● **Aim of the exercise**:
All entries are to be copied exactly, with pictures removed.

(Records from a data source)
========
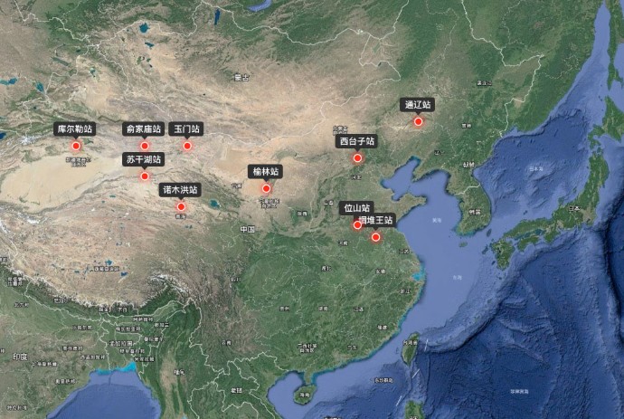 中国北方地区生态水文观测网站点分布图
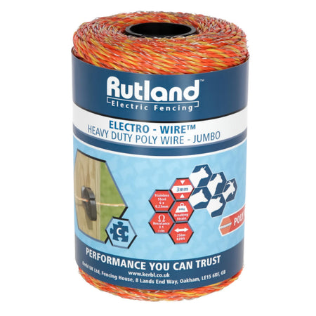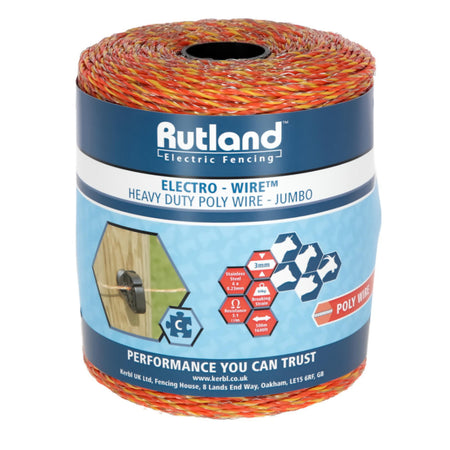 The Rutland jumbo orange electro wire has strong monofilament fibres giving increased fracture load. It is made with high quality workmanship. Comes in lengths of 250m and 500m.
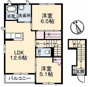 | 間取内容 | 洋6.5帖、洋5.1帖、LDK12.6帖 | ||
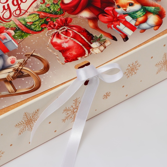 Новый год. Коробка подарочная новогодняя складная, упаковка, «Зверята и подарки», 31 × 24,5 × 8 см.
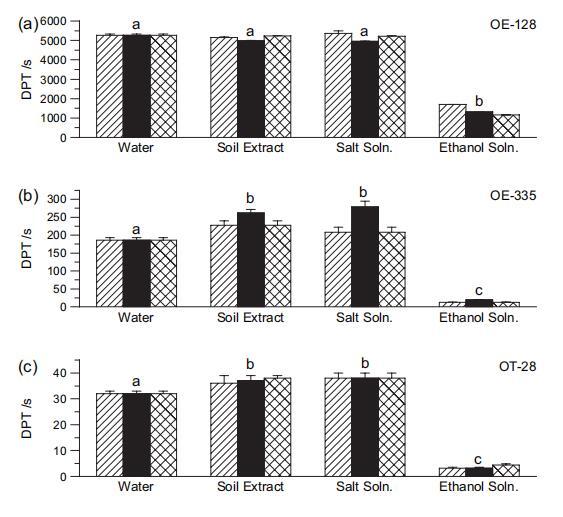 圖 3 液滴穿透時(shí)間 (DPT) 水、1:1 土壤提取物、鹽溶液和不同土壤的乙醇溶液:(a) OE-128; (b) OE-335; (c) OT-28; (d) Coastal-1; (e) 沙漠-1。 誤差線顯示標(biāo)準(zhǔn)偏差 復(fù)制滴。 小寫字母給出 兩側(cè) t 檢驗(yàn)的結(jié)果。 在給定的 窗格中,不同的字母表示均值 在 P ? 0.01 顯著差異 癌癥水平。 對(duì)于 t 檢驗(yàn),結(jié)果為 三個(gè)提取時(shí)間(5 分鐘、2 小時(shí)和 24 小時(shí))一起考慮,因?yàn)樗鼈兊?γLV 值非常相似(圖 2b)。
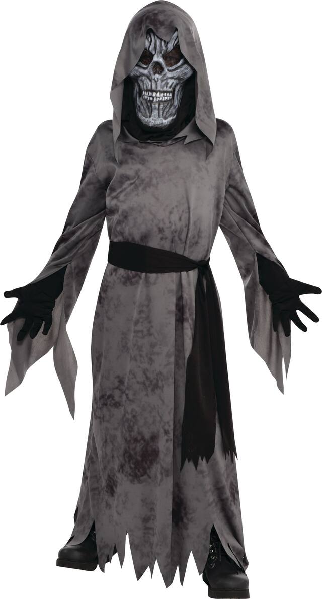 Child Ghastly Ghoul Costume features a grey hooded robe with extra-long sleeves and a jagged hem
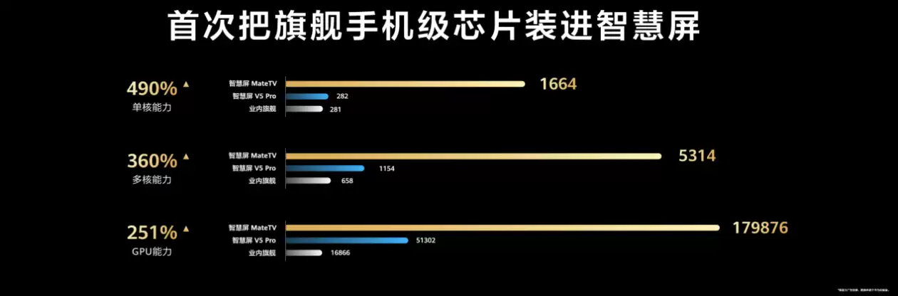 强劲性能和科技创新是Mate系列的基因,华为智慧屏 MateTV延续了这一基因,搭载了旗舰手机级的核心芯片,实现了全方位的性能跃升。相较于上一代,其CPU单核性能提升高达490%,多核性能提升360%;GPU性能提升251%;NPU算力提升约300%。更重要的是,MateTV在电视行业率先采用UFS存储技术,顺序读写速度分别提升约1200%和1500%,彻底告别卡顿历史。
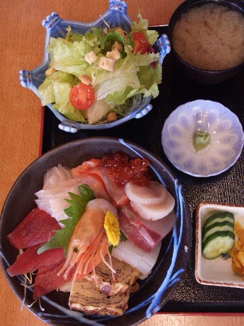 やっぱりこれでしょ~。9種のネタが入った 海鮮丼d(^-^)これで1380円の安さ!!
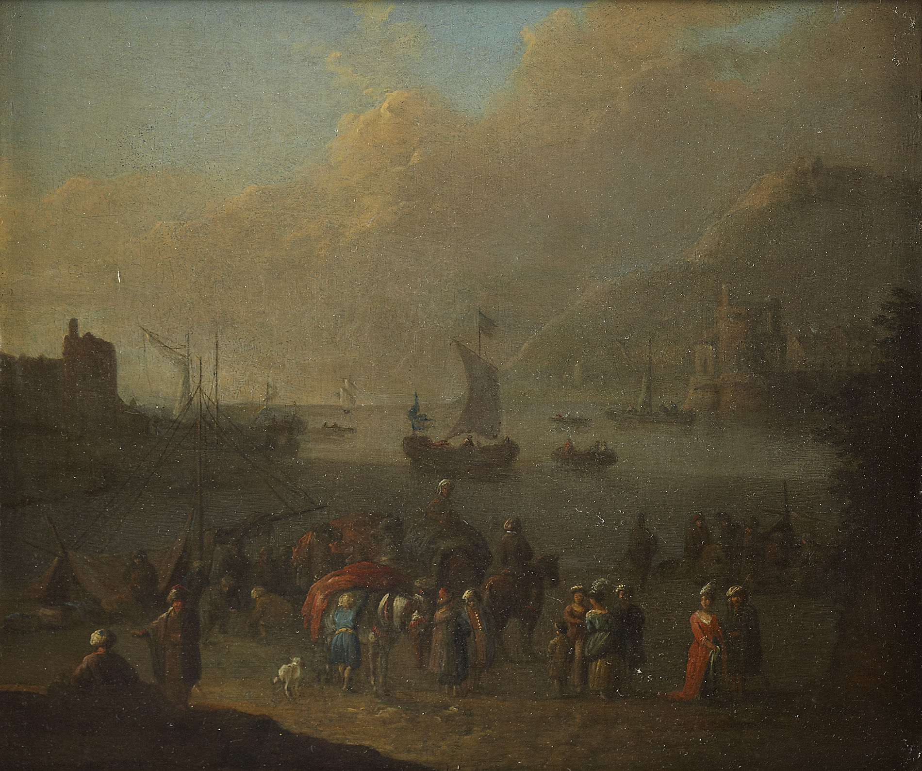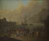 A BUSY COASTAL SCENE WITH FIGURES AND BOATS IN A HARBOUR
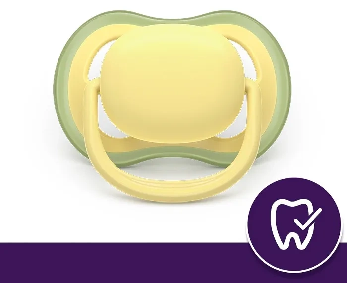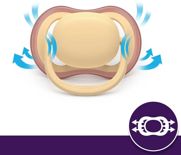 Smoczek ortodontyczny Phlips Avent Ultra Air jest symetryczny i miękki, dlatego wspiera naturalny rozwój jamy ustnej.
========
● **Written answer**:
 中国北方地区生态水文观测网站点分布图
 The Rutland jumbo orange electro wire has strong monofilament fibres giving increased fracture load. It is made with high quality workmanship. Comes in lengths of 250m and 500m.
 | 間取内容 | 洋6.5帖、洋5.1帖、LDK12.6帖 | ||
 Новый год. Коробка подарочная новогодняя складная, упаковка, «Зверята и подарки», 31 × 24,5 × 8 см.
 圖 3 液滴穿透時(shí)間 (DPT) 水、1:1 土壤提取物、鹽溶液和不同土壤的乙醇溶液:(a) OE-128; (b) OE-335; (c) OT-28; (d) Coastal-1; (e) 沙漠-1。 誤差線顯示標(biāo)準(zhǔn)偏差 復(fù)制滴。 小寫字母給出 兩側(cè) t 檢驗(yàn)的結(jié)果。 在給定的 窗格中,不同的字母表示均值 在 P ? 0.01 顯著差異 癌癥水平。 對(duì)于 t 檢驗(yàn),結(jié)果為 三個(gè)提取時(shí)間(5 分鐘、2 小時(shí)和 24 小時(shí))一起考慮,因?yàn)樗鼈兊?γLV 值非常相似(圖 2b)。
 Child Ghastly Ghoul Costume features a grey hooded robe with extra-long sleeves and a jagged hem
 强劲性能和科技创新是Mate系列的基因,华为智慧屏 MateTV延续了这一基因,搭载了旗舰手机级的核心芯片,实现了全方位的性能跃升。相较于上一代,其CPU单核性能提升高达490%,多核性能提升360%;GPU性能提升251%;NPU算力提升约300%。更重要的是,MateTV在电视行业率先采用UFS存储技术,顺序读写速度分别提升约1200%和1500%,彻底告别卡顿历史。
 やっぱりこれでしょ~。9種のネタが入った 海鮮丼d(^-^)これで1380円の安さ!!
 A BUSY COASTAL SCENE WITH FIGURES AND BOATS IN A HARBOUR
 Smoczek ortodontyczny Phlips Avent Ultra Air jest symetryczny i miękki, dlatego wspiera naturalny rozwój jamy ustnej.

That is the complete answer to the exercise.